– И еще, Добрын, – сказала Ольга. – Малу Нискиничу, князю Древлянскому, слово от меня отвези.

Я чуть на месте от такого не подпрыгнул. Княгиня батюшку по званию именовала, словно признала она его право на людей Даждьбоговых.

– Скажи ему, – продолжала она, – что к Припяти Свенельд дружину свою и русь наемную подвел, передай, что Святослав к Ирпеню войско направляет, а с заката союзник наш, Регволод Полоцкий, выступить обещался. Уж больно Регволоду хочется ятвигов под свою опеку взять. Скажи, что не хотим мы крови Древлянской. Пусть Мал Нискинич глупость свою в сторонку отставит да о старом договоре вспомнит. Не Святослав ему, а он кагану стремя целовал. Я поблажку ему дала, так и забрать могу. И Прага мне в том защитницей будет*.

* Имеется в виду договор 946 года, согласно которому княжество Древлянское вошло в состав Руси. Посредником при заключении договора выступил дед Добрыни, король Чехии и Великой Моравии, Болеслав Пржемысловец (см. роман «Княжич»).

– Слова я твои передам, – поклонился я княгине.
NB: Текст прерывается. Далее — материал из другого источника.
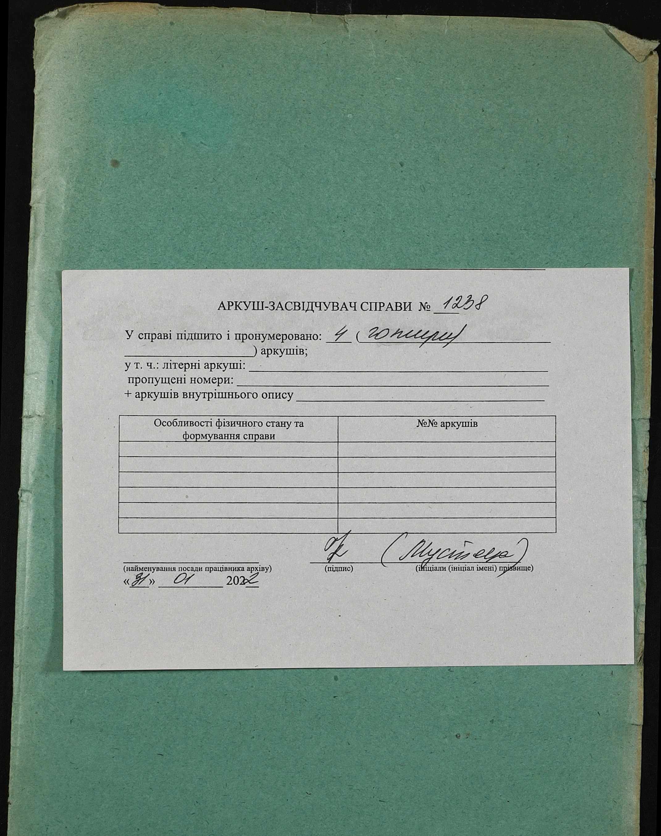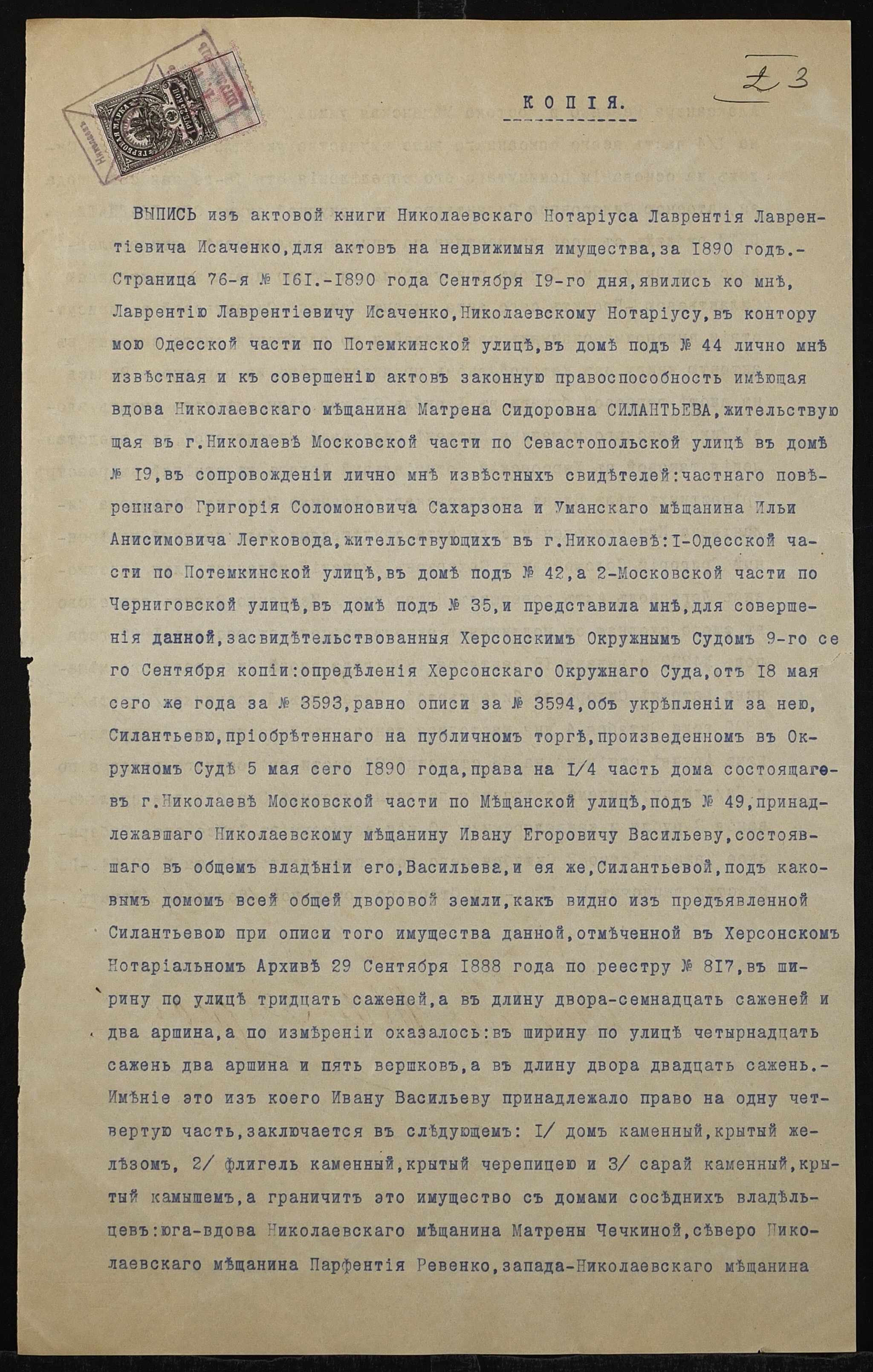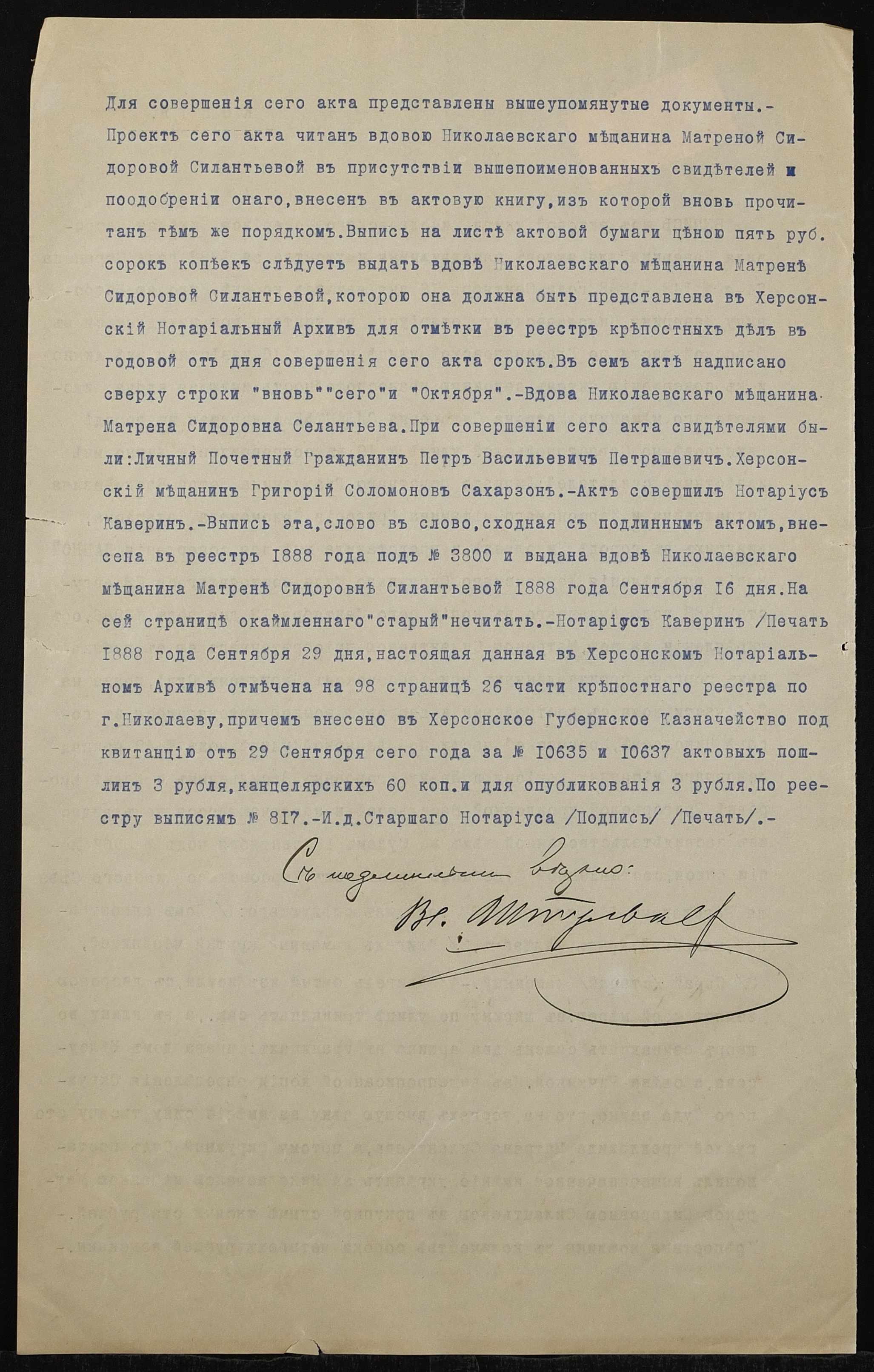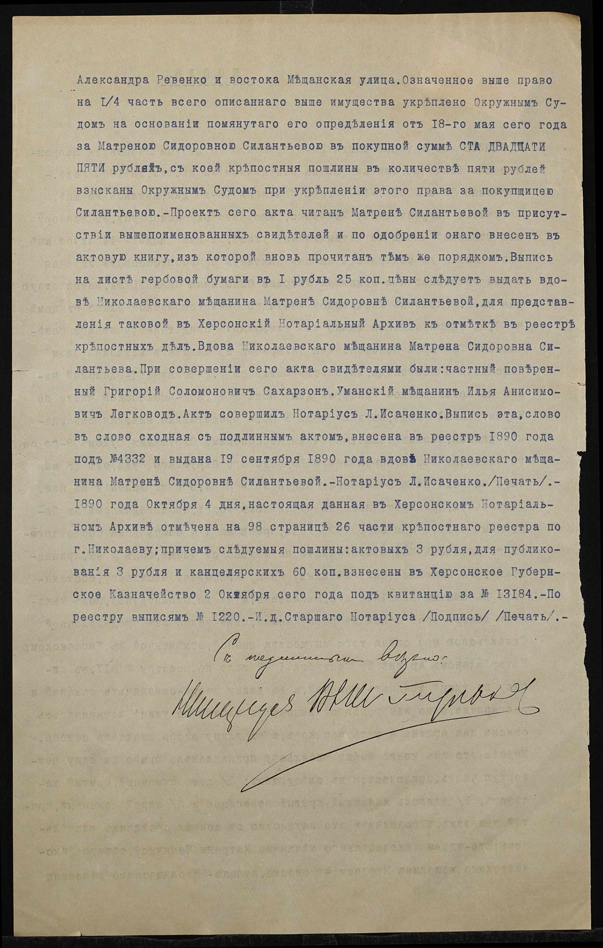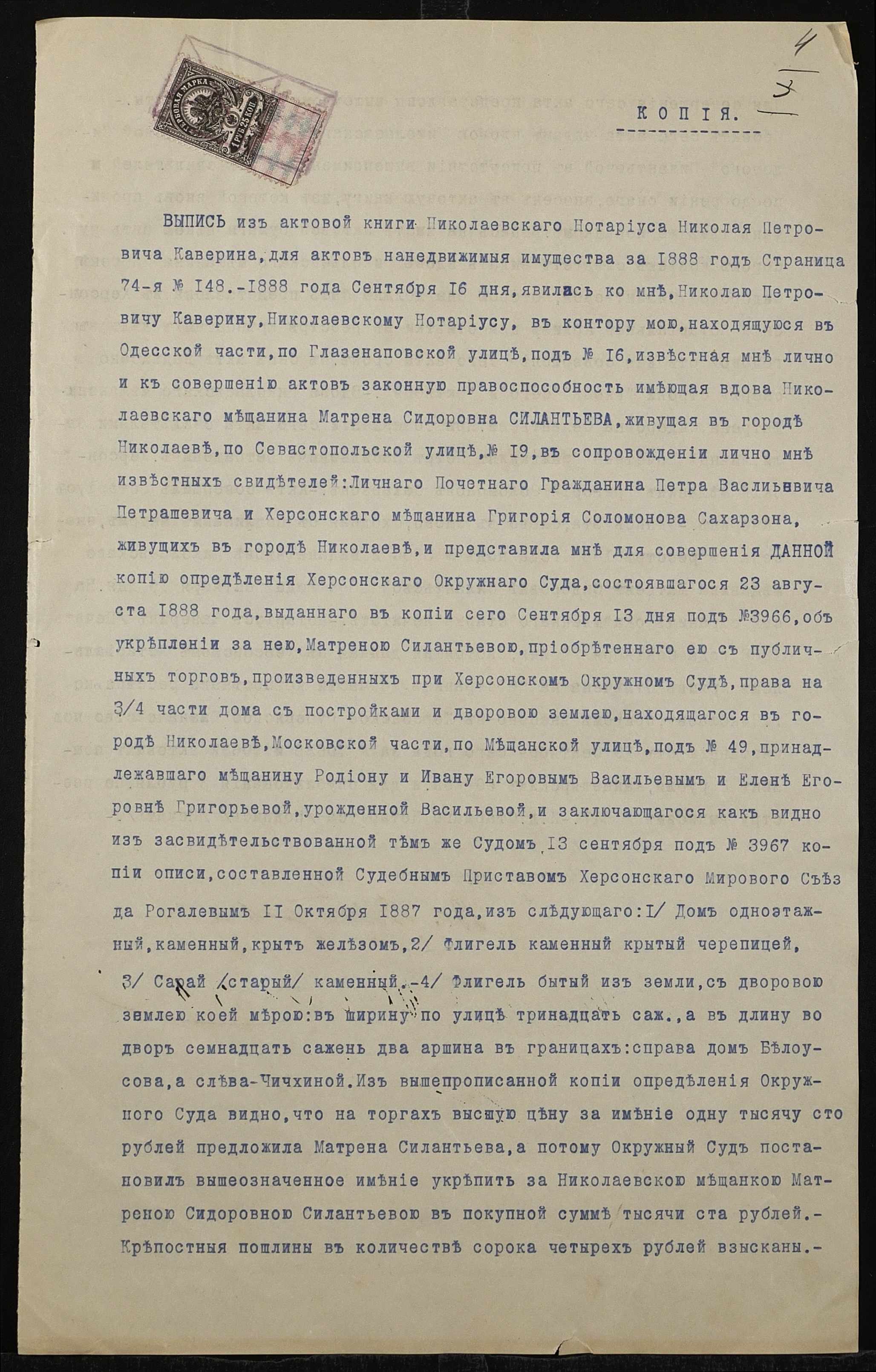 • • • • Справа № 1238 “Справа про вчинення купчої про продаж будинку дружиною священника Латою Клавдією Стефанівною (Латой Клавдией Стефановной) на користь миколаївських міщан Мускіна Антона Микитовича (Мускина Антона Никитовича) і Мускіна Олександра Олександровича (Мускина Александра Александровича)”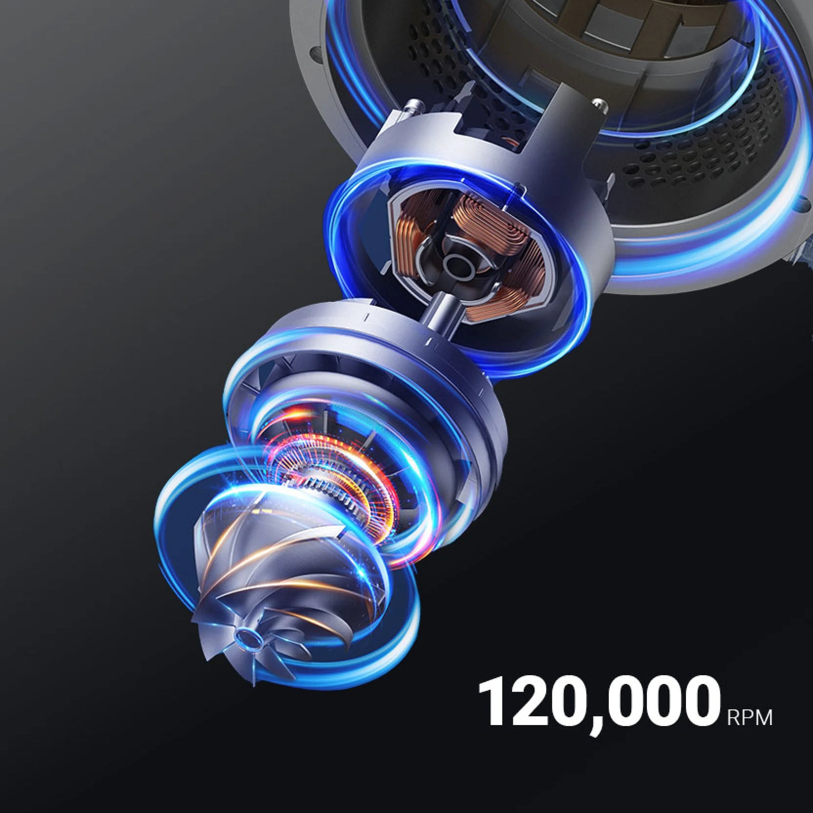 With 150 AW of suction power combined with a high-speed brushless motor of 120,000 rpm*, it delivers efficient removal of hair, dirt, dust and debris.

– И еще, – вставил слово Святослав. – Ты знать должен. Я тебя по-прежнему боярином своим считать буду.

– Твое право, каган, – поклонился я юноше, на Малушу взглянул, повернулся и из светелки вышел.

– Ну? Что там? – спросил меня Претич.

– Пока поживем, – ответил я ему.

До сих пор вспомнить приятно, как мы с Любавой встретились. Как же сладко нам после разлуки было. Всю нежность, что за это время накопилась, мы друг дружке отдали.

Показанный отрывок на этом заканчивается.